TNR Watch May 28, 2026
TNR Watch: Canceling RightsCon is not Transnational Repression, But It Is an Attack on Transnational Civil Society
The cancellation of RightsCon by Zambian authorities—reportedly in response to Chinese government pressure—is not an act of transnational repression (TNR), but it achieves goals of TNR such as discouraging free expression and bullying activists.
Under pressure: In late April, the digital rights organization Access Now announced that its annual RightsCon conference scheduled to take place in Lusaka, Zambia, from May 5 to May 8 had been called off due to pressure from the Chinese government.* The announcement came after Zambian officials had abruptly backtracked on their commitment to host the event—considered the premier civil society gathering on human rights and technology—because Chinese government officials reportedly objected to planned discussion of China’s digital authoritarian practices and the participation of Taiwanese activists. In a statement, Access Now said it was unwilling to “moderate specific topics and exclude communities at risk, including our Taiwanese participants, from in-person and online participation.”
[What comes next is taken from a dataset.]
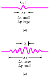 움직이는 입자를 파군 혹은 파속으로 여긴다는 것은 위치나 운동량 같은 입자의 성질을 나타내는 물리량을 측정하는 데 있어서 그 정확도에 원리적인 한계가 있다는 것을 암시한다. 아래 그림과 같은 두 종류의 파군을 생각해 보자. 입자는 주어진 시간에 파군 안의 어디에든 있을 수 있다. 물론 입자가 발견될 확률밀도는 군(群)의 중심에서 최대가 되므로 군의 중심에서 입자가 발견될 확률이 최대가 될 것이다. 그렇지만, 확률밀도가 실제로 0이 아닌 어디에서든 입자는 발견될 수 있다. 아래 그림의 (a)처럼 파군이 좁아지면 좁아질수록 그 입자의 위치를 더욱 정확히 나타낼 수 있다. 그러나 좁은 파군에 있는 파의 파장은 명확히 정의되지 않는다. 파장(λ)을 정확히 측정할 만큼의 충분한 파의 개수가 없기 때문이다. 이는 드브로이의 식 λ = h/p = h/mv에서 입자의 운동량 p가 정밀한 양이 아니라는 의미이다. 이 경우 입자의 운동량을 측정하면 오차범위가 넓은 값을 얻게 된다. 한편, 아래 그림의 (b)에 있는 넓은 파군에서는 파장을 정의하기가 훨씬 쉽다. 즉 파장을 측정하는데 오차 범위가 줄어든다. 명확한 파장에 대응하는 운동량은 정밀한 양이 되며 측정한 운동량 값은 오차 범위가 적은 값이 된다. 그러나 입자는 어디에 위치할까? 파군의 너비가 너무 커서 주어진 시간에 입자가 어디에 있는지 정확히 특정하기가 어렵게 된다. 즉 위치 측정의 오차가 커진다.

The cancelation of RightsCon, which was set to bring together over 2,600 individuals from more than 100 countries, was not an act of transnational repression. Chinese authorities did not intimidate, seek to harm, or prevent travel by mainland Chinese dissidents or members of targeted diasporas such as Uyghurs. It was, however, the expression of a particularly dangerous form of malign foreign influence that aims to disrupt activists working across borders to generate democratic momentum. Like many forms of transnational repression, pressuring Zambian authorities to exclude Taiwanese participants or silence conversations about digital repression is an effort to project the Chinese Communist Party’s political vision far outside China’s borders.
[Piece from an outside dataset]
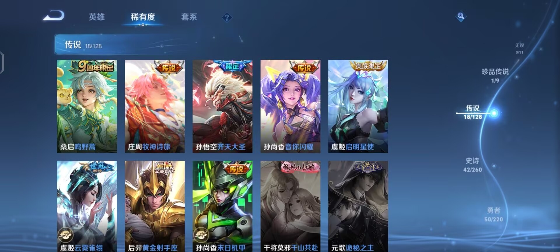 - [12076260]V7 5传说 120英雄 157皮肤 可修改实名 优质装备:久胜战神 珍宝阁皮:妄想食味 限定皮:愿照·千秋盛(女娲年限),鸣野蒿,至尊宝,白虎志(电光耗子),凤求凰(白切鸡),神威(电光马子),五谷丰年,梁祝,李小龙,如梦令-后羿 史诗皮:化蝶舞,星界战将,百相守梦-黄忠,紫霞仙子,电玩小子(小书包),白龙吟,黄金分割率,特工魅影,魅语,冰冠公主,猫狗日记-孙策,时之恋人-孙尚香,节奏热浪,水果甜心,星夜王子,德古拉伯爵,幽灵船长,鬼剑武藏,纤云弄巧,繁星吟游(呼啦呼啦),缤纷独角兽,乘风破浪,逐浪之夏,水晶猎龙者,曙光守护者,箭羽风息,金属风暴,原初追逐者,圣诞狂欢,圣诞恋歌,鹰眼统帅,暗夜贵公子,魅力维加斯,黎明之约

Attacking activism beyond borders: Chinese authorities are not alone in seeking to break the bonds that connect activists and civil society organizations around the world. Ugandan and Kenyan security services carried out a rendition of 36 Ugandan civil society activists attending a July 2024 leadership seminar in Kenya. A Ugandan court later accused them of visiting Kenya to “to provide or receive terrorist training.” In May 2025, Tanzanian law enforcement similarly deported former Kenyan Justice Minister Martha Karua and two colleagues who had traveled to Tanzania to monitor the court case of imprisoned opposition leader Tundu Lissu, alongside Tanzanian civil society colleagues. Tanzania’s expulsion of the three blocked opportunities for knowledge and information sharing between domestic civil society and foreign representatives.
Resolve: Countries that host civil society convenings or shelter exiled dissidents are likely to continue facing diplomatic and economic pressure from autocrats to abandon their commitments. To maintain their resolve, they require support and solidarity from fellow democratic governments—in the form of greater diplomatic ties and expanded trade and investment, as well as humanitarian assistance. These are long-term commitments that reaffirm the value of global membership in a community of democracies. In the short term, a new host is urgently needed for RightsCon so that this important event for coordination on the most crucial issues facing rights in the digital space can take place, and so that a powerful message can be sent to the Chinese Communist Party and other perpetrators of transnational repression: you cannot silence us.
*Freedom House had planned to attend RightsCon in Lusaka, Zambia.